▶ _Your instructions_:
For this exercise, copy all the data exactly and include none of the pictures.

(Beginning of Dataset content)

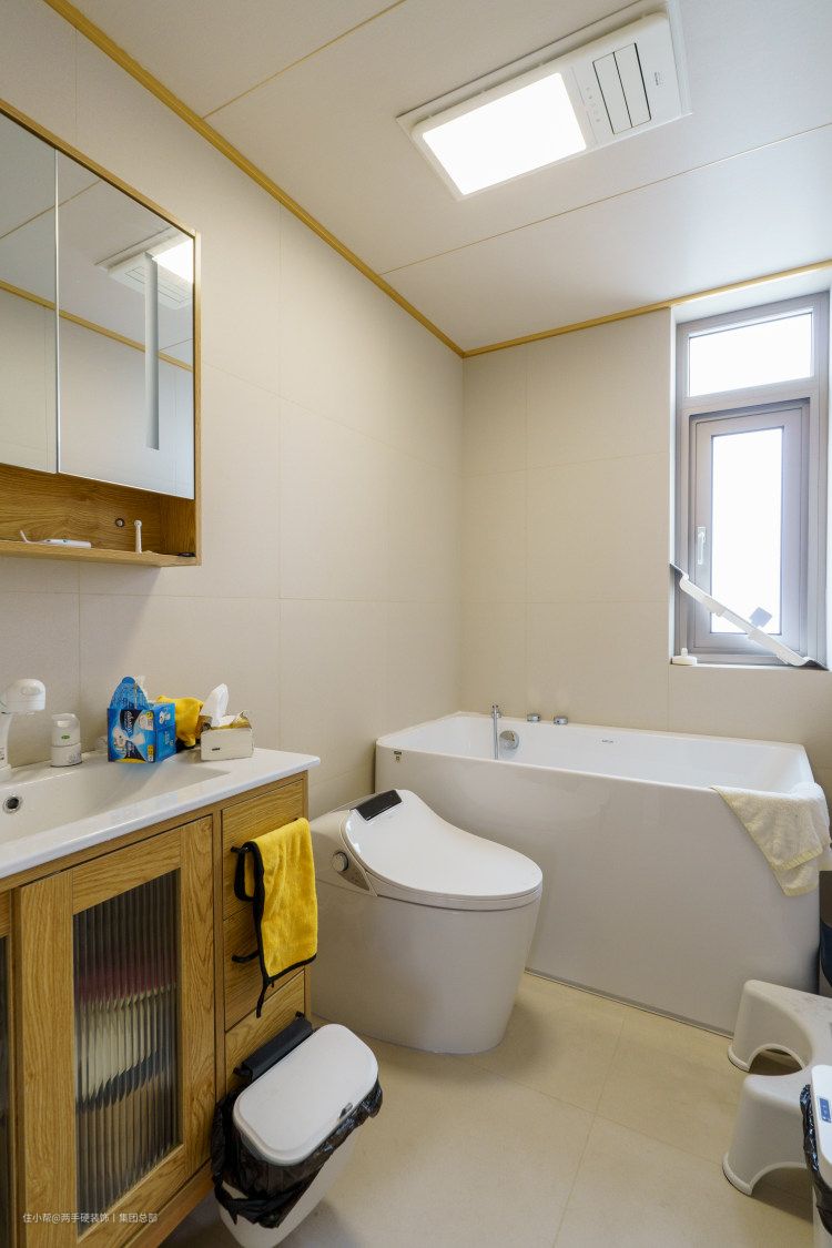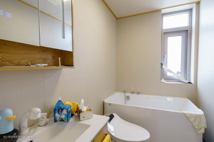 主卫仍旧保留了原来浴缸的位置并进行了更换。白天高强度工作身心疲惫,业主希望回到家能够泡个澡冲刷一天的疲惫,晚上也好入睡,在浴室柜的下方安置了垃圾桶,避免洒湿和被踢来踢去,干脆将其悬挂在柜子上,方便实用还好打扫。
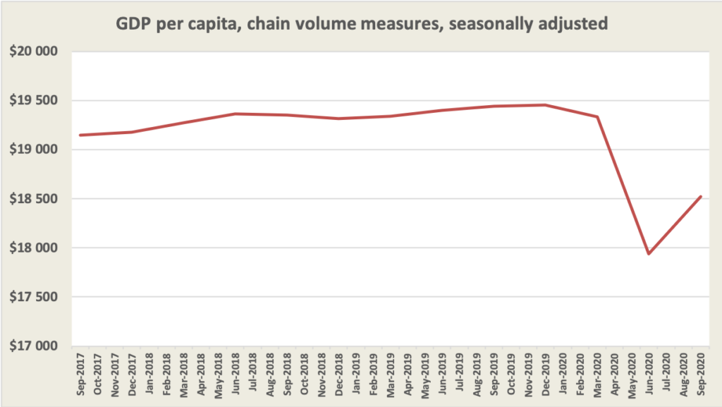 That’s the shonky mathematics of those who refer only to changing percentages, for example claiming that because Australia has now had three months of economic growth, Australia is no longer in recession. If we accept a definition of a “recession” as two quarters of negative growth (”decline” is the usual word in English), then, as shown by the ABS, we are out of recession because we had negative GDP growth in the March quarter (-0.3 per cent) and in the June quarter (-7.0 per cent), followed by growth (3.3 per cent) in the September quarter. But to illustrate the meaninglessness of the “two quarter” definition, think of the figures if the virus had arrived a couple of weeks later, and we had just gotten through the March quarter with a positive figure, had a worse contraction in the June quarter, and had scraped through the September quarter with another positive figure: we could have claimed that we had gone 30 years without a recession, or, with a few minor re-allocations of the timing of economic events, that we had gone since 1788 without a recession. To its credit the ABS does not talk about “recessions” – they leave it to journalists and politicians to abuse the data.
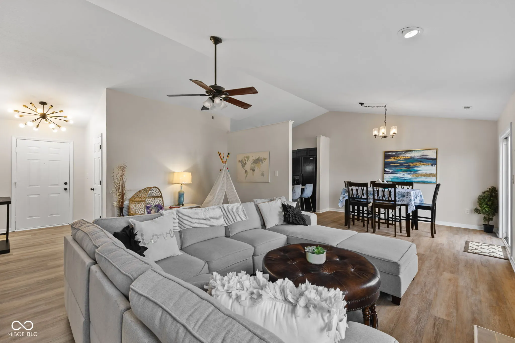 Check out this beautifully updated, three-bedroom two-bathroom ranch in the desirable Pine Ridge subdivision of Westfield- offered at just under $300,000! You will sense the pride of ownership immediately with the well-manicured yard with low-maintenance landscaping and a modern color scheme on the shutters and new garage door. Inside, the vaulted ceilings and natural light, complemented by the fresh neutral paint, create an airy and welcoming atmosphere. The new luxury vinyl plank flooring flows seamlessly throughout, offering both durability and style that will pair with any decor. The updated kitchen is a culinary delight, featuring moody black cabinets, gorgeous new granite countertops, and a bar seating area, perfect for casual meals or entertaining friends. You will love the flow of the floorplan with living areas that are defined yet open; the dining area is connected to both the kitchen and the expansive great room, which has enough additional space for an office or play area. Updated bathrooms showcase new vanities, sleek mirrors, contemporary lights, and new toilets. The backyard is a perfect escape from the daily hustle, where you can relax and enjoy a bonfire in the firepit built into the large brick patio, entertain friends with a cookout or let kids or pets play outside with the safety of the wooden privacy fence. The roof, HVAC, and water heater are all less than five years old, offering peace of mind for the new homeowner, plus there’s a small storage shed in the back. Don’t miss your chance to own this beautiful home that is located minutes from Grand Park, Downtown Westfield, and Clay Terrace. You can be at the epicenter of everything that booming Westfield has to offer- enjoy the great outdoors while biking, walking, running the Monon or explore the vast array of restaurants, shopping and entertainment nearby.
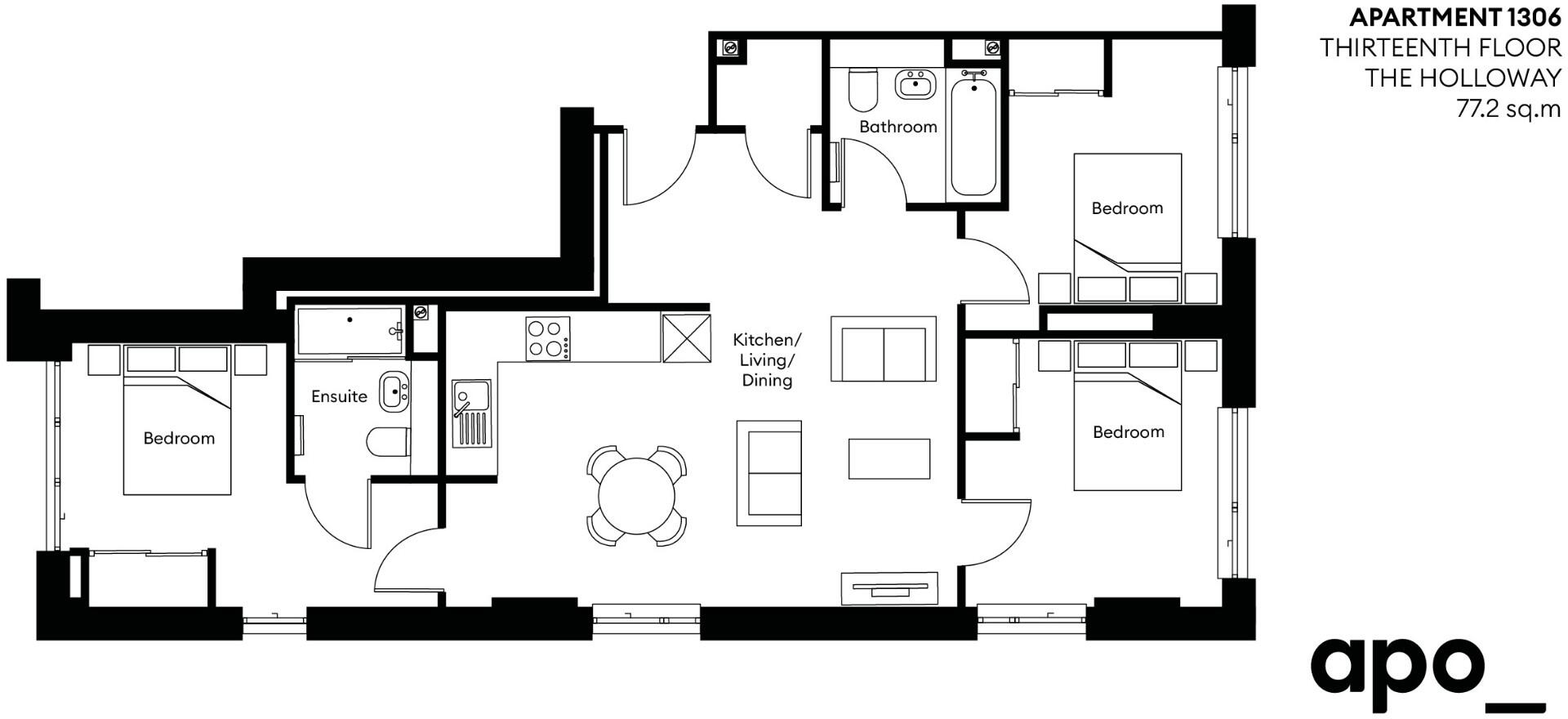 **3 Bedroom Apartment on 13th Floor** Available Now - City centre location| Free Wi-Fi | Co-working space | Brand New Furnished Apartments | Zero-deposit option| Residents Lounge | Event calendar | Roof Terrace | Host Team onsite 7 days a week | Parcel lockers

(End of Dataset content)

▶ _Task result_:
 主卫仍旧保留了原来浴缸的位置并进行了更换。白天高强度工作身心疲惫,业主希望回到家能够泡个澡冲刷一天的疲惫,晚上也好入睡,在浴室柜的下方安置了垃圾桶,避免洒湿和被踢来踢去,干脆将其悬挂在柜子上,方便实用还好打扫。
 That’s the shonky mathematics of those who refer only to changing percentages, for example claiming that because Australia has now had three months of economic growth, Australia is no longer in recession. If we accept a definition of a “recession” as two quarters of negative growth (”decline” is the usual word in English), then, as shown by the ABS, we are out of recession because we had negative GDP growth in the March quarter (-0.3 per cent) and in the June quarter (-7.0 per cent), followed by growth (3.3 per cent) in the September quarter. But to illustrate the meaninglessness of the “two quarter” definition, think of the figures if the virus had arrived a couple of weeks later, and we had just gotten through the March quarter with a positive figure, had a worse contraction in the June quarter, and had scraped through the September quarter with another positive figure: we could have claimed that we had gone 30 years without a recession, or, with a few minor re-allocations of the timing of economic events, that we had gone since 1788 without a recession. To its credit the ABS does not talk about “recessions” – they leave it to journalists and politicians to abuse the data.
 Check out this beautifully updated, three-bedroom two-bathroom ranch in the desirable Pine Ridge subdivision of Westfield- offered at just under $300,000! You will sense the pride of ownership immediately with the well-manicured yard with low-maintenance landscaping and a modern color scheme on the shutters and new garage door. Inside, the vaulted ceilings and natural light, complemented by the fresh neutral paint, create an airy and welcoming atmosphere. The new luxury vinyl plank flooring flows seamlessly throughout, offering both durability and style that will pair with any decor. The updated kitchen is a culinary delight, featuring moody black cabinets, gorgeous new granite countertops, and a bar seating area, perfect for casual meals or entertaining friends. You will love the flow of the floorplan with living areas that are defined yet open; the dining area is connected to both the kitchen and the expansive great room, which has enough additional space for an office or play area. Updated bathrooms showcase new vanities, sleek mirrors, contemporary lights, and new toilets. The backyard is a perfect escape from the daily hustle, where you can relax and enjoy a bonfire in the firepit built into the large brick patio, entertain friends with a cookout or let kids or pets play outside with the safety of the wooden privacy fence. The roof, HVAC, and water heater are all less than five years old, offering peace of mind for the new homeowner, plus there’s a small storage shed in the back. Don’t miss your chance to own this beautiful home that is located minutes from Grand Park, Downtown Westfield, and Clay Terrace. You can be at the epicenter of everything that booming Westfield has to offer- enjoy the great outdoors while biking, walking, running the Monon or explore the vast array of restaurants, shopping and entertainment nearby.
 **3 Bedroom Apartment on 13th Floor** Available Now - City centre location| Free Wi-Fi | Co-working space | Brand New Furnished Apartments | Zero-deposit option| Residents Lounge | Event calendar | Roof Terrace | Host Team onsite 7 days a week | Parcel lockers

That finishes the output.